Сбоев обиженно поправил очки с дужкой, перевязанной скотчем и трещиной на левом дымчато-сером стекле. Его часто видели у торгового центра «Берлин», он рылся в мусорных контейнерах.
– В первом часу я встретил Палёного около «Ивушки».
– И что он? – спросил Скорик, напряженно заглядывая в серое похмельное лицо очкарика.
– Он брел в сторону гаражей. Я его окликнул… пардон, – отойдя и исторгнув из себя на газон, Сбоев вернулся.
– Ну и? – торопил Скорик, охваченный состоянием уже виденного и слышанного.
– Он тормознул у ларька. Подхожу, спрашиваю, как он вообще? А он… – Сбоев отошел, из него еще выхлестнуло, он крякнул и вернулся: – не узнал он меня. Он и себя не узнал бы. Такой он был… никакой. Он стал бормотать. Говорю: « Что-то? Я тебя не понимаю» А он знай себе, бормочет под нос. Словно молится или кается.

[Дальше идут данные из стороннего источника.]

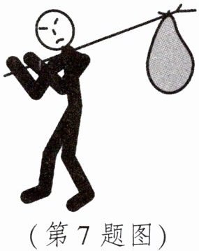 7. 小明用一根木棍将一袋物品挑在肩上,他感到比较吃力,如图所示。此时物品受到的重力______(选填“大于”“小于”或“等于”)手对木棍施加的力,若想减小手对木棍施加的力,他可以将货物______(选填“靠近人”或“远离人”)。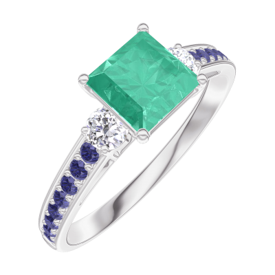 « L'ATELIER » Nº 166736Bague Or blanc 9 carats - Émeraude Princesse 0.7 carat - Pierres de côté Diamant - Sertissage Saphir bleu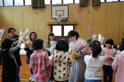 3月28日(木)、松井 康江先生と松下 奈央先生の二人の先生とお別れをする離任式を行いました。お二人の先生には、学校生活の様々な場面で大変お世話になりました。お別れするのが悲しくて、涙もいっぱい出ました。卒業生も含め、地域の方、保護者の皆様もたくさん来てくださり、優しく暖かな雰囲気に包まれた離任式になりました。松井先生、松下先生、ありがとうございました。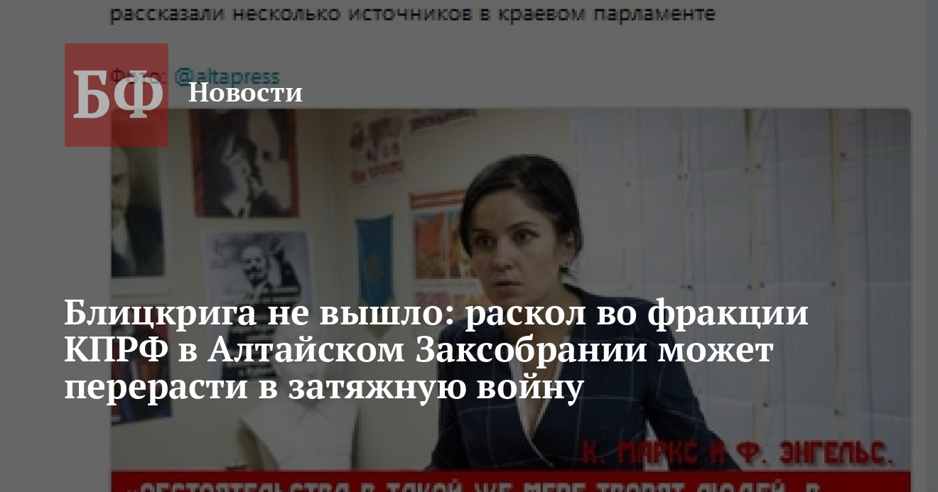 Сейчас многое зависит от позиции аппарата АКЗС. Пока похоже на то, что он действует в интересах группы «раскольников». Кроме того, в официальном Twitter реготделения «Единой России» в Алтайском крае уже появился довольно «злорадный» пост о смене руководства во фракции коммунистов. «Обстоятельства в такой же мере творят людей, в какой люди творят обстоятельства», — такой цитатой Карла Маркса сопроводили единороссы фотографию г-жи Прусаковой.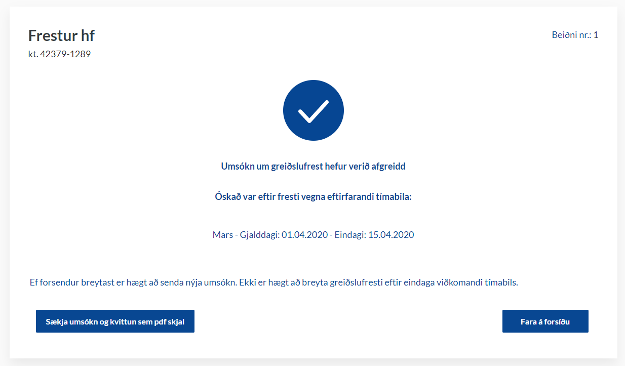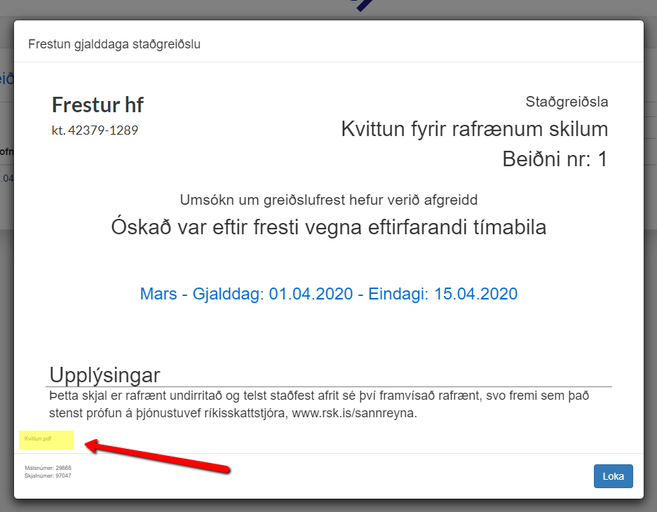 Athygli er vakin á að afgreiðsla Skattsins á greiðslufrestun felur ekki í sér staðfestingu á því að skilyrði hennar hafi verið uppfyllt á afgreiðsludegi.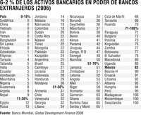 La expansión de los grandes corporativos financieros hacia las regiones en desarrollo (objetivo central de la liberalización) ha sido frenética en las últimas dos décadas, aunque su penetración en los distintos países ha sido muy dispar. Según el Banco Mundial, en un extremo están los países en desarrollo que no han cedido ni permitido la entrada de los bancos foráneos en su sistema como es el caso de China, Sudáfrica, Irán, o Bangladesh (Gráfico 2), o que lo han permitido en muy baja proporción, como en India (sólo 5% de los activos bancarios del país son operados por bancos foráneos), Ecuador o Nigeria. En el siguiente nivel de baja participación foránea (10-30% de los activos) se encuentran: Rusia (13%), Colombia (18), Costa Rica (22), Pakistán (23), Brasil (25), Argentina (25) e Indonesia (28%).

И смотрит на меня так, словно выглядывает из глубокой ямы. Так-то вот.
Все переглянулись.
– Что же он там такое бормотал? Неужели ты ничего не разобрал? – спросил Виталик.
– Кое-что все-таки разобрал, – сказал Сбоев.
– И что же? – рыгнул Фрол.
– Секундочку… – тряхнув указательным пальцем, Сбоев отошел и вскоре вернулся, вытирая рот тыльной стороной ладони: – Как же он там? Ага… вот: ««Земля-землица, дай картошке уродиться. Пусть растет она большая пребольшая, не гния и не плошая»
– Так и сказал? – спросил Виталик, недоверчиво скривив рот.
Сбоев отошел, бурно стравил на цветы и, как ни в чем не бывало, вернулся:
– Так и сказал. Да, и еще этот запах от него…
– Запах? – вглядываясь в очкарика, Скорик почувствовал, как затылок и предплечья вымораживает, а ноги слабеют. – Чем же он пахнет?
– Погребом, – Сбоев задумчиво вытер рот тыльной стороной ладони и покивал. Вот именно: сырым холодным погребом.
– Я же говорю: розовые слоны и черти на ободе унитаза, – усмехнулся Виталик.
Фрол протяжно и печально рыгнул.
– Трансформация трансформаторов, – сказал багровый мордастый Кабанов. – Слушайте радио, остальное видимость.
– Скорый, ты чего такой? – заметил Виталик, заглядывая Скорику в лицо.
– Какой? – Скорик растерянно посмотрел на Виталика, словно тот застал его врасплох.